Brief
Exactly and only the lines from the first entry through the line with "1-комнатная — 39,2 м² 4/4 эт. в Южные соседи" should be copied, both ends included, with no pictures.

Input
------------------------------------------------------------------------

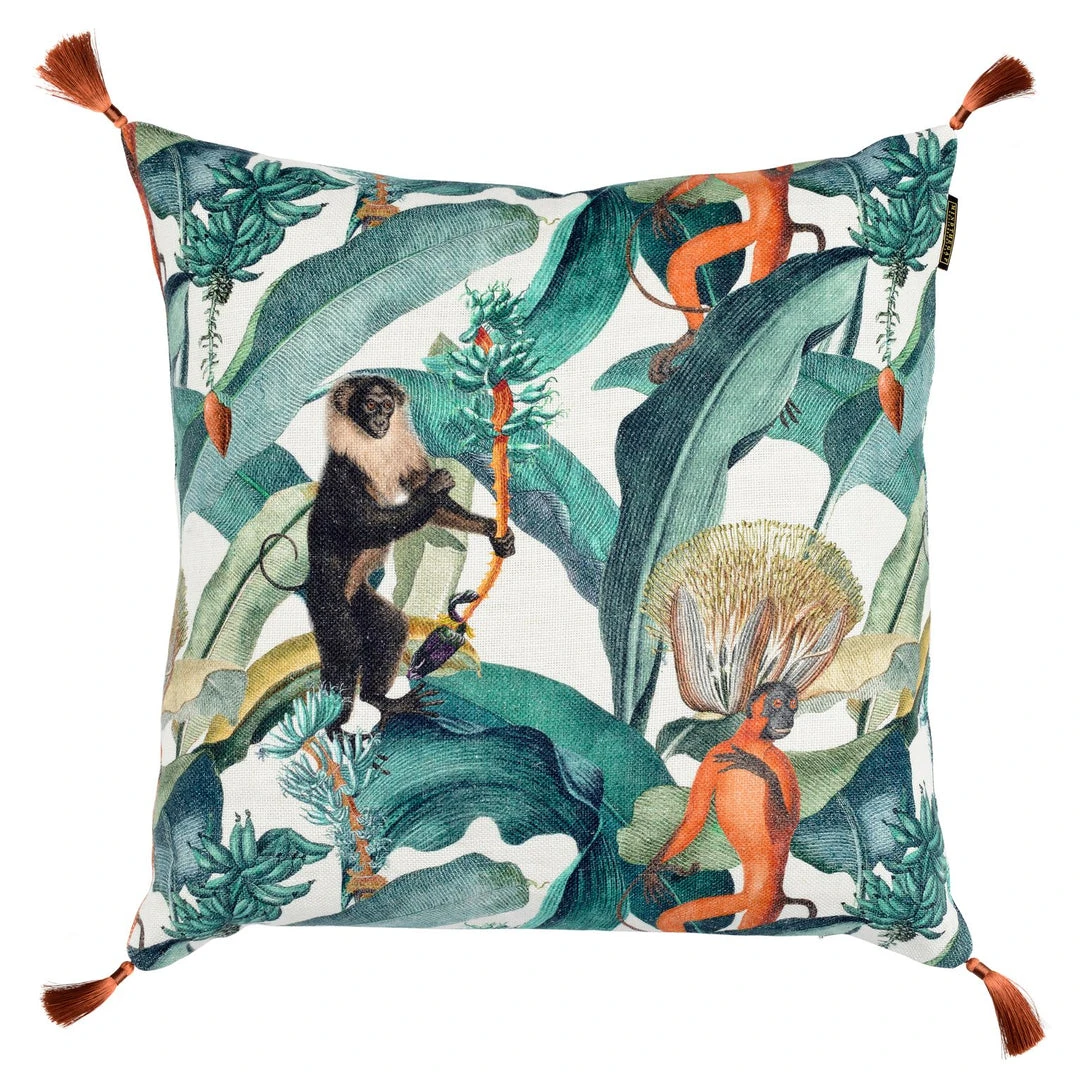 A tropical design on a white background featuring the magnificent wildlife and vegetation of the Bermuda islands. Natural linen finished with assorted piping, tassels and 100% duck feather filling. Â
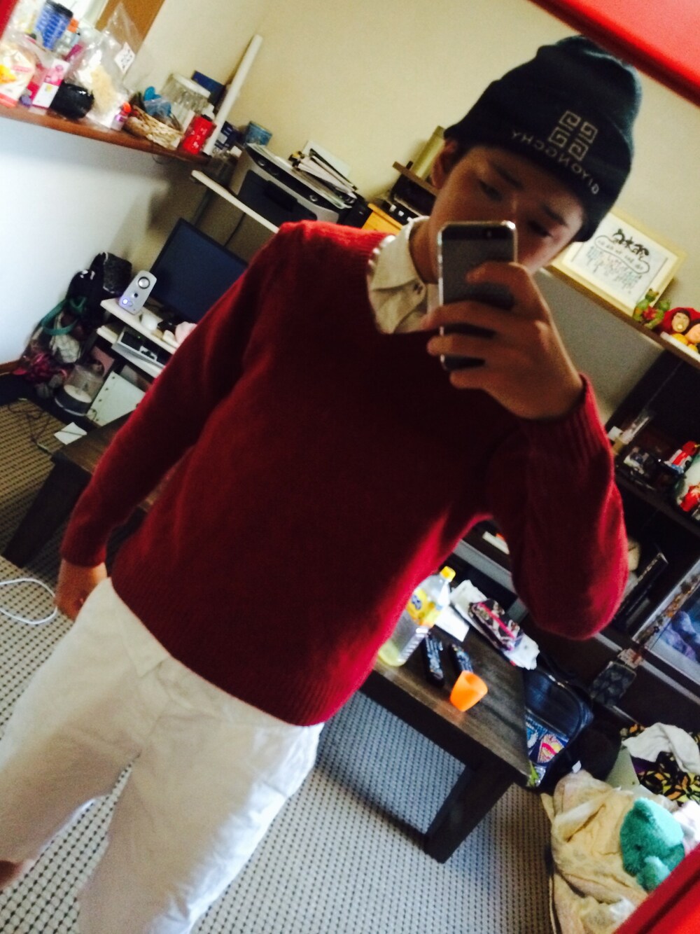 レッド系のニット/セーターを着用したメンズの春コーディネートの1枚目の写真
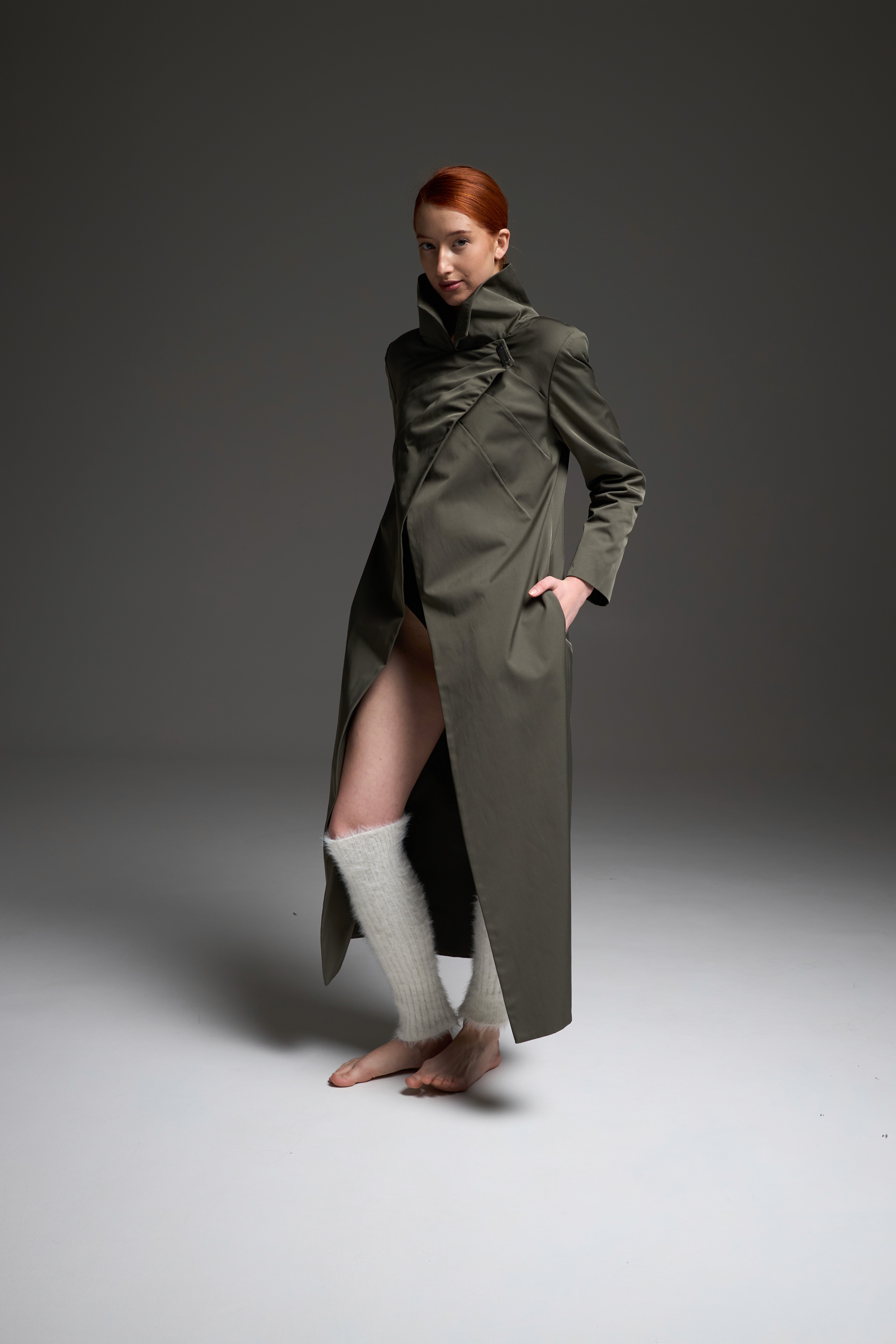 A defining feature is the high, transformable collar - it can be worn upright for a sharp, structured presence or reshaped for a softer, more relaxed silhouette. This flexibility allows the coat to shift mood and styling with ease.
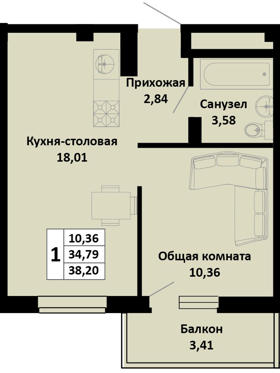 1-комнатная — 39,2 м² 4/4 эт. в Южные соседи
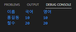 output += `${s.이름}\t${s.국어}\t${s.영어}\n`
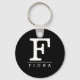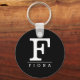 Nome preto e branco moderno, chaveiro inicial de letra monográfica. Cadeias personalizadas para ele ou para ela. Personalize com F ou outra letra.
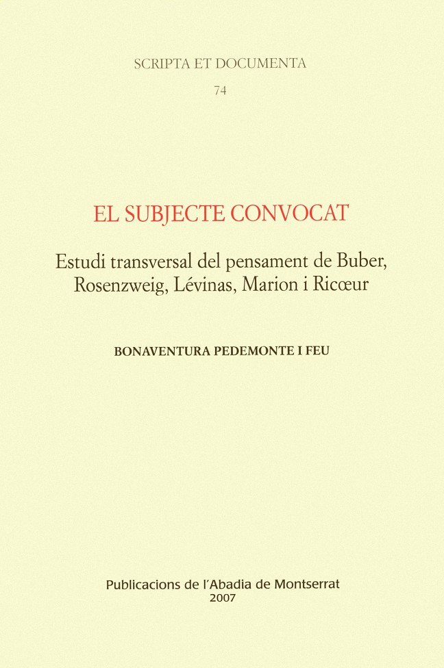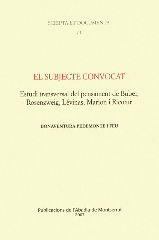 ESTUDI TRANSVERSAL DEL PENSAMENT DE BUBER, ROSENZWEIG, LÉVINAS, MARION I RICOEUR
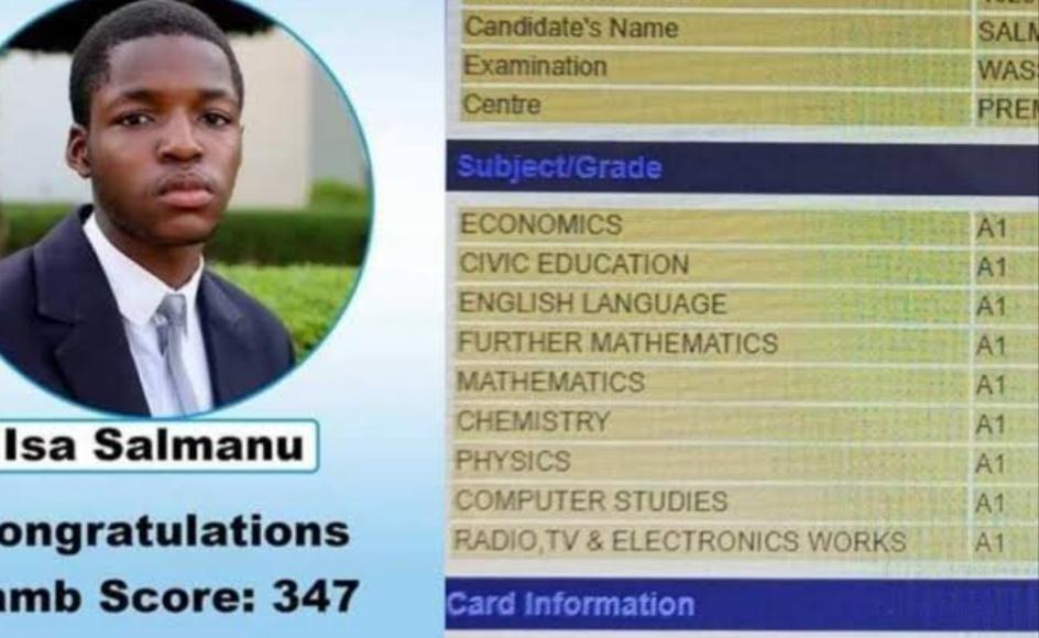 In addition to his outstanding performance in the WASSCE, Isa Salmanu also attained an impressive score of 347 in his Unified Tertiary Matriculations Examination (JAMB-UTME).
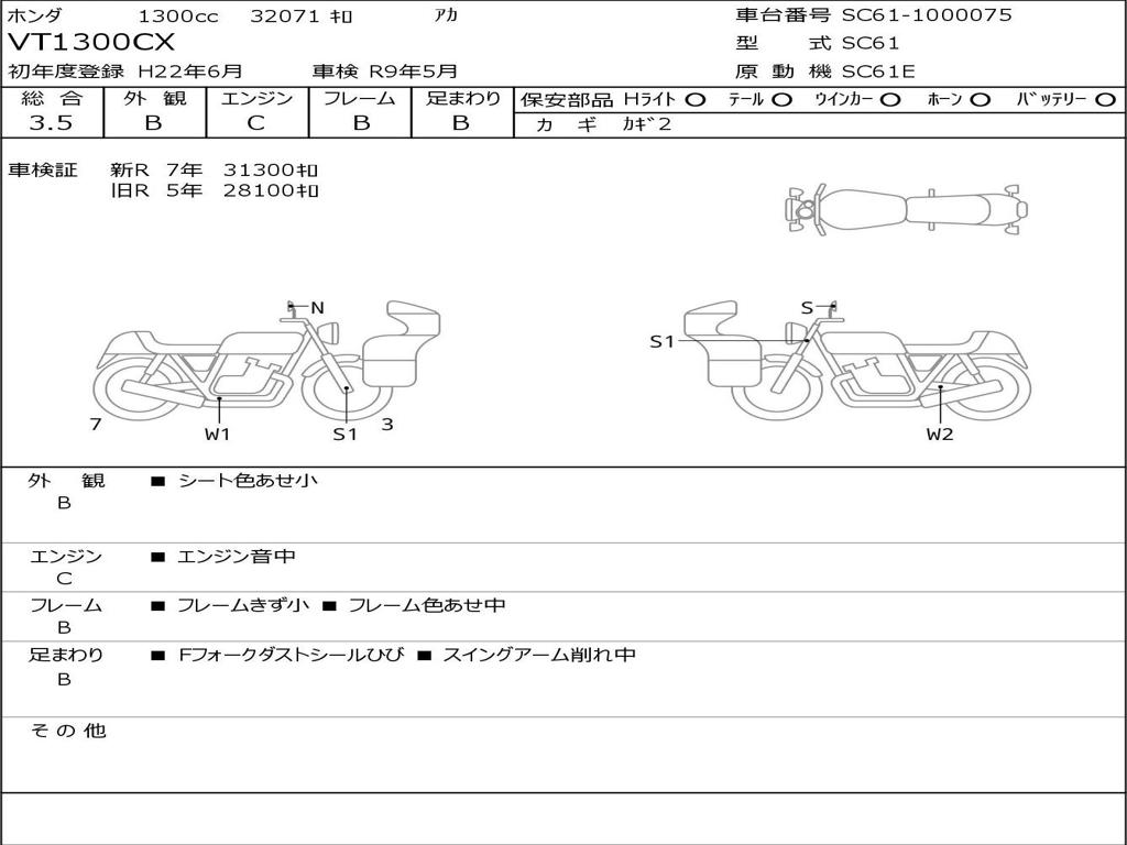 | Номер рамы / VIN | SC61-1000075 |
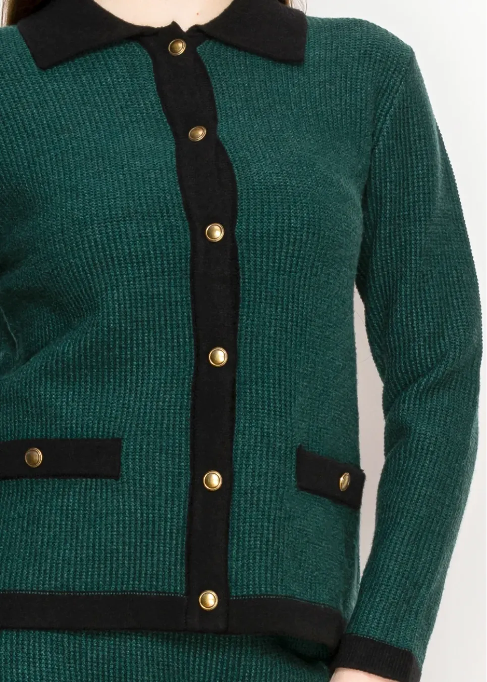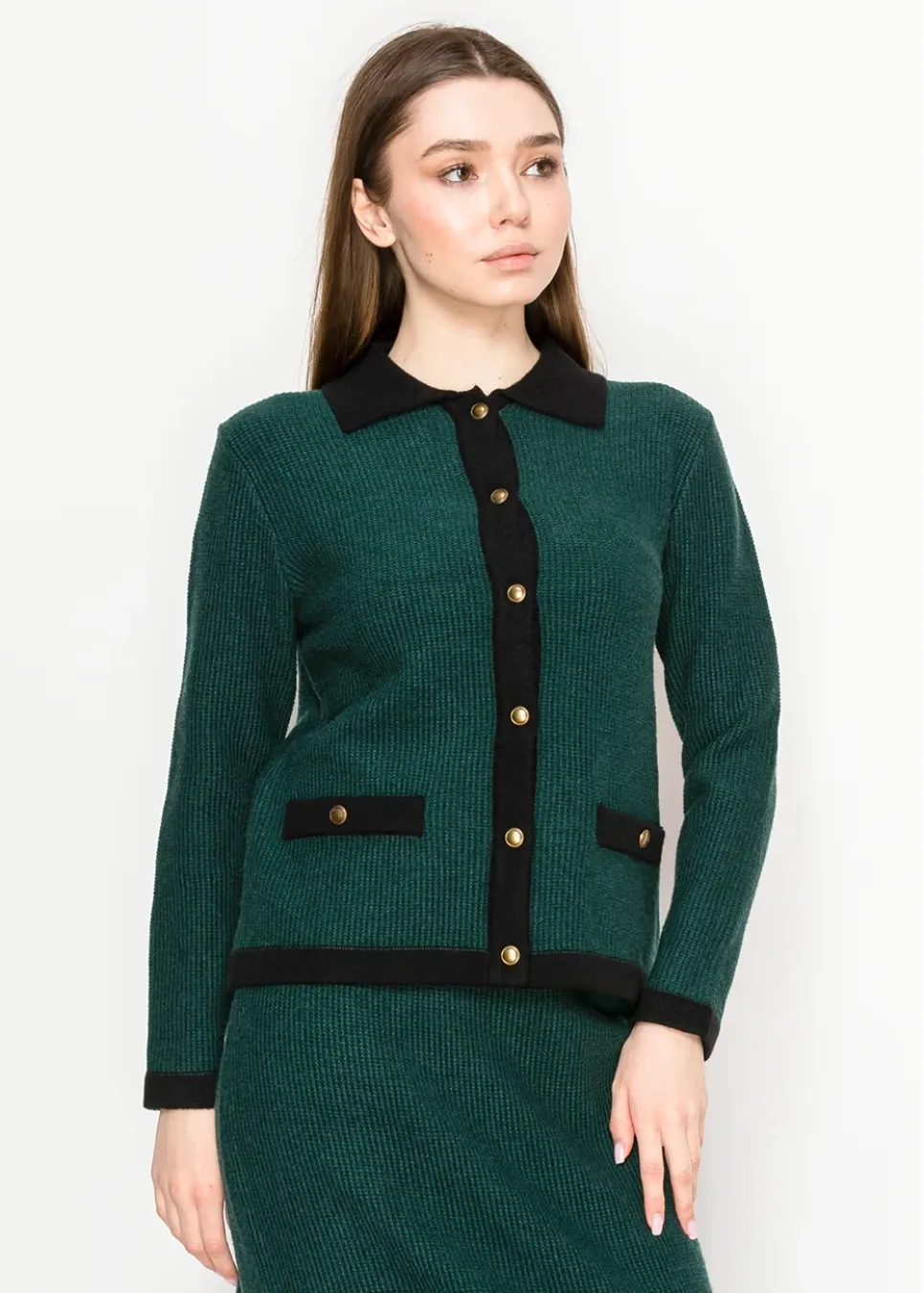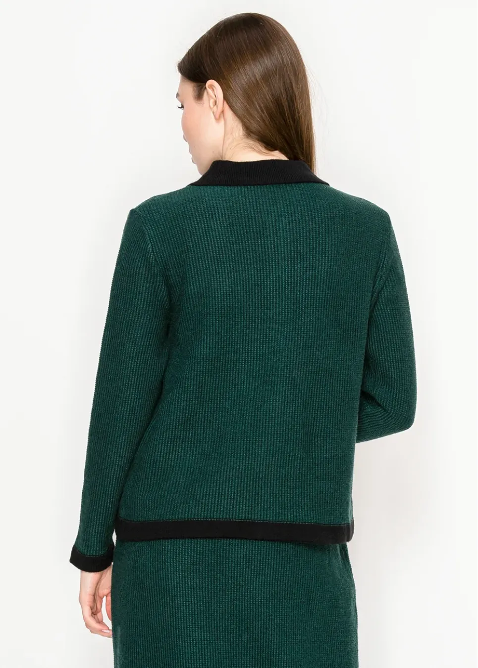 A refined cardigan in deep green, framed with black trim and finished with gold-tone buttons for a timeless look.

------------------------------------------------------------------------

Finished exercise
 A tropical design on a white background featuring the magnificent wildlife and vegetation of the Bermuda islands. Natural linen finished with assorted piping, tassels and 100% duck feather filling. Â
 レッド系のニット/セーターを着用したメンズの春コーディネートの1枚目の写真
 A defining feature is the high, transformable collar - it can be worn upright for a sharp, structured presence or reshaped for a softer, more relaxed silhouette. This flexibility allows the coat to shift mood and styling with ease.
 1-комнатная — 39,2 м² 4/4 эт. в Южные соседи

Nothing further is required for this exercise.